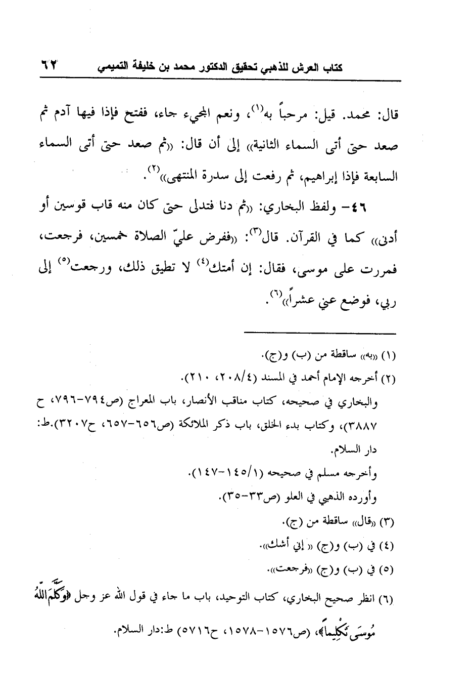 6 انظر صحيح البخاري، كتاب التوحيد، باب ما جاء في قول الله عز وجل {وَكَلَّمَ اللهُ مُوسَى تَكْلِيماً} ، (ص1576-1578، ح5716) ط: دار السلام.
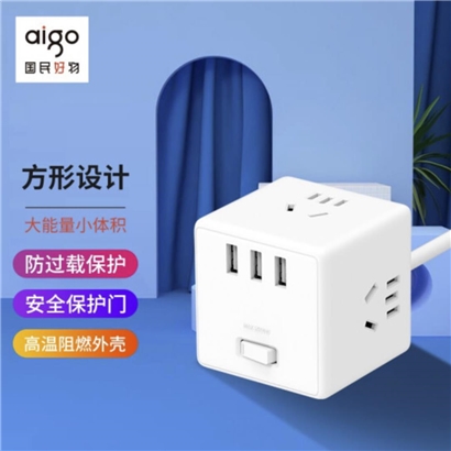 爱国者(aigo)魔方智能USB插座 插线板/插排/排插/接线板/拖线板 3位插孔+3USB防过载 全长1.5
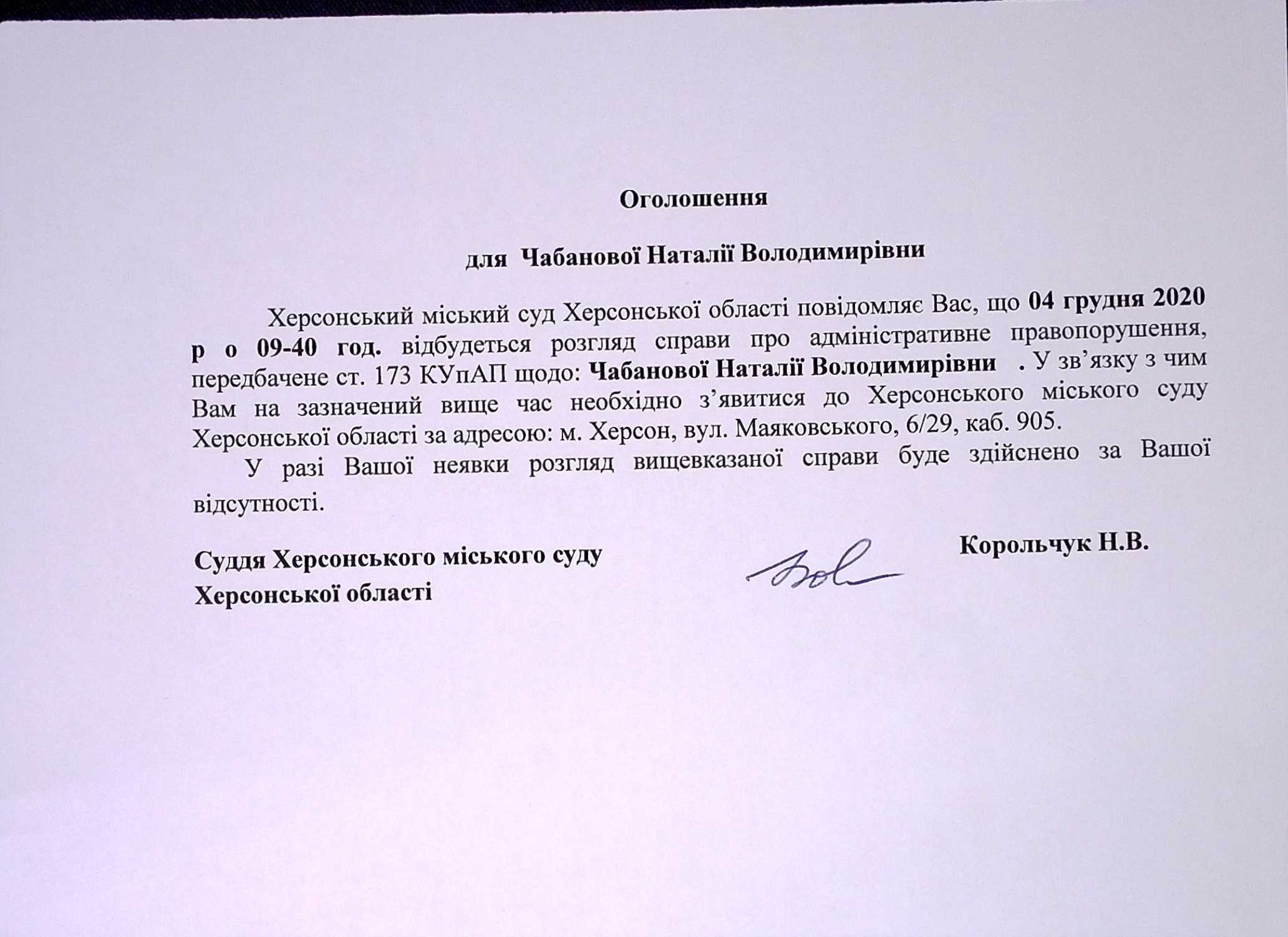 ОГОЛОШЕННЯ для Чабанової Наталії Володимирівни
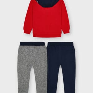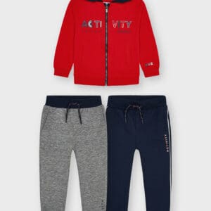 Three-piece tracksuit for boys 2 to 9 years old, consisting of a sweatshirt and two long sports trousers. Thick and warm fleece fabric, particularly suitable for protection against the cold.Long sleeved hoodie for boys 2 to 9 years old with elasticated cuffs. Hooded collar. Central front zip fastening. Elasticated bottom for better fit.Jogger-style trousers for boys 2 to 9 years old, loose-fitting at the top and narrower as they go down towards the ankle. Perfect for sporty looks, reflecting the sporty influence of streetwear. Elasticated waist with adjustable drawstring. Knees reinforced on the inside, specially designed to give greater resistance in the area of most wear and tear. Bottoms with elasticated waistband for a better fit.
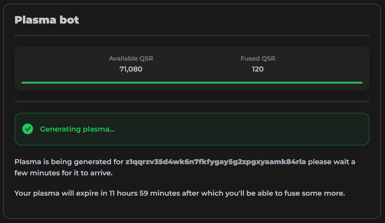 - @DigitalSloth also submitted an AZ and got approval to move all the QSR from alien-valley.io to zenonhub.io to operate a Plasma Bot. Users can submit their address and fuse up to 120 QSR for 12 hours for free.

--- Requirement ---
Give all the entries again exactly, dropping each picture.

--- Solution for this problem ---
 6 انظر صحيح البخاري، كتاب التوحيد، باب ما جاء في قول الله عز وجل {وَكَلَّمَ اللهُ مُوسَى تَكْلِيماً} ، (ص1576-1578، ح5716) ط: دار السلام.
 爱国者(aigo)魔方智能USB插座 插线板/插排/排插/接线板/拖线板 3位插孔+3USB防过载 全长1.5
 ОГОЛОШЕННЯ для Чабанової Наталії Володимирівни
 Three-piece tracksuit for boys 2 to 9 years old, consisting of a sweatshirt and two long sports trousers. Thick and warm fleece fabric, particularly suitable for protection against the cold.Long sleeved hoodie for boys 2 to 9 years old with elasticated cuffs. Hooded collar. Central front zip fastening. Elasticated bottom for better fit.Jogger-style trousers for boys 2 to 9 years old, loose-fitting at the top and narrower as they go down towards the ankle. Perfect for sporty looks, reflecting the sporty influence of streetwear. Elasticated waist with adjustable drawstring. Knees reinforced on the inside, specially designed to give greater resistance in the area of most wear and tear. Bottoms with elasticated waistband for a better fit.
 - @DigitalSloth also submitted an AZ and got approval to move all the QSR from alien-valley.io to zenonhub.io to operate a Plasma Bot. Users can submit their address and fuse up to 120 QSR for 12 hours for free.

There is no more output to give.